In the simpler case of MLE, we have some iid (independent and identically distributed) observations and we want to estimate from the parametric family of distributions, which is the most likely distribution. In psychophysics often we have some observations \(k_1, k_2,..k_n\) that are independent but no identically distributed because they are indexed by another variable \(x_1,x_2,...,x_n\). For example, \(k_1\) could be the number of trials (from a total of 100 trials) for which the observer reports that can see a dim stimulus when the luminance of the stimulus is \(x_1\); \(k_2\) the number of trials in which the observer reports that can see the stimulus for luminance \(x_2\) and so on. We need to use a generalization of the likelihood function that includes the index \[L(\theta|x,k)=f(x,k|\theta)\]

Suppose that we have the following independent observations

k <- c(10, 26, 73, 94, 99) #our observations, number of trials in which the observer reports that can see the stimulus (from a total of 100 trials)
x <- c(.2, .4, .6, .8, 1) # the observations are indenxed by x, intensity
n <- 100 # total number of trials

When we fitted MLE for some distributions (for example for the estimation of the parameters of the binomial distribution), we plotted the observations in a x-axis and then used the y-axis to plot the value of the probability density function. Now, we cannot used this kind of plot because the observations k are indexed by x so that every \(k_i\) comes from a different distribution.
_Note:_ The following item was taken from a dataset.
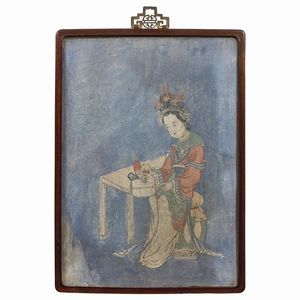 AFFRESCO, CINA, DINASTIA QING, SEC. XIX rappresentante una figura femminile seduta al tavolo. Dim. cm 68x48,5 [..]

Let’s plot the observations as a function of the indexed variable instead

dat<-data.frame(x,k) #we plotted our observations in the x-axis

We don’t know the exact probability density functions for \(k_1, k_2,..k_n\) , but we know that the shape is the shape of the binomial distribution where n is 100 and p is indexed by x according to cumulative normal distribution with parameters \(\mu\) and \(sigma\) \[p=\Phi(x,\mu,\sigma).\] Then, the probability density function for \(k_i\) is \[f(x_i,k_i\mid\theta)=f(x_i,k_i\mid n,p)=f(k_i\mid n,\Phi(x_i,\mu,\sigma))=\binom{n}{k_i}\Phi(x_i,\mu,\sigma)^{k_i}(1-\Phi(x_i,\mu,\sigma))^{n-{k_i}}\] where n=100.
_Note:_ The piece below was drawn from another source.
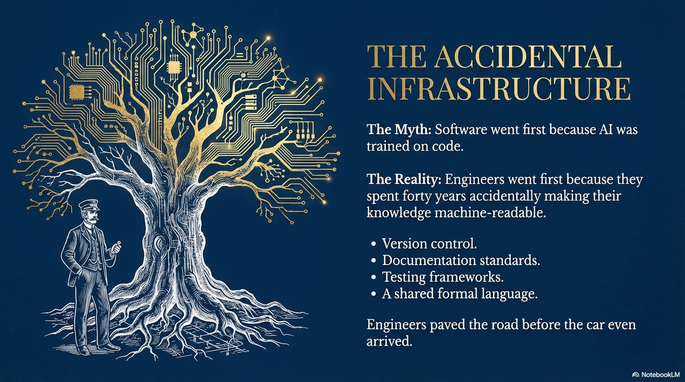 What engineers actually had, and what nobody else has, is forty years of accidentally making their knowledge machine-readable.

Given that \(k_i\) are independent, the join density function is the multiplication of the probability density function for each \(k_i\) \[f(k\mid \theta)=f(k_1,k_2...k_n\mid \mu,\sigma)=f(x_1,k_1\mid \mu,\sigma)f(x_2,k_2\mid \mu,\sigma)...f(x_n,k_n\mid \mu,\sigma)=\] \[=\binom{n}{k_1}\Phi(x_1,\mu,\sigma)^{k_1}(1-\Phi(x_1,\mu,\sigma))^{n-{k_1}}...\binom{n}{k_n}\Phi(x_n,\mu,\sigma)^{k_n}(1-\Phi(x_n,\mu,\sigma))^{n-{k_n}}\] that when considered as a function of the parameters is the likelihood function \[L(\theta\mid k)=L(\mu,\sigma\mid k)=\] \[=f(k\mid \theta)=\binom{100}{10}\Phi(.2,\mu,\sigma)^{10}(1-\Phi(.2,\mu,\sigma))^{100-10}...\binom{100}{99}\Phi(1,\mu,\sigma)^{99}(1-\Phi(1,\mu,\sigma))^{100-99}\] and \[log(L)=\sum_{i=1}^{n} \left \{ log\binom{n}{k_i}+k_i log(\Phi(x_i,\mu,\sigma))+(n-k_i) log(1-\Phi(x_i,\mu,\sigma)) \right \}\]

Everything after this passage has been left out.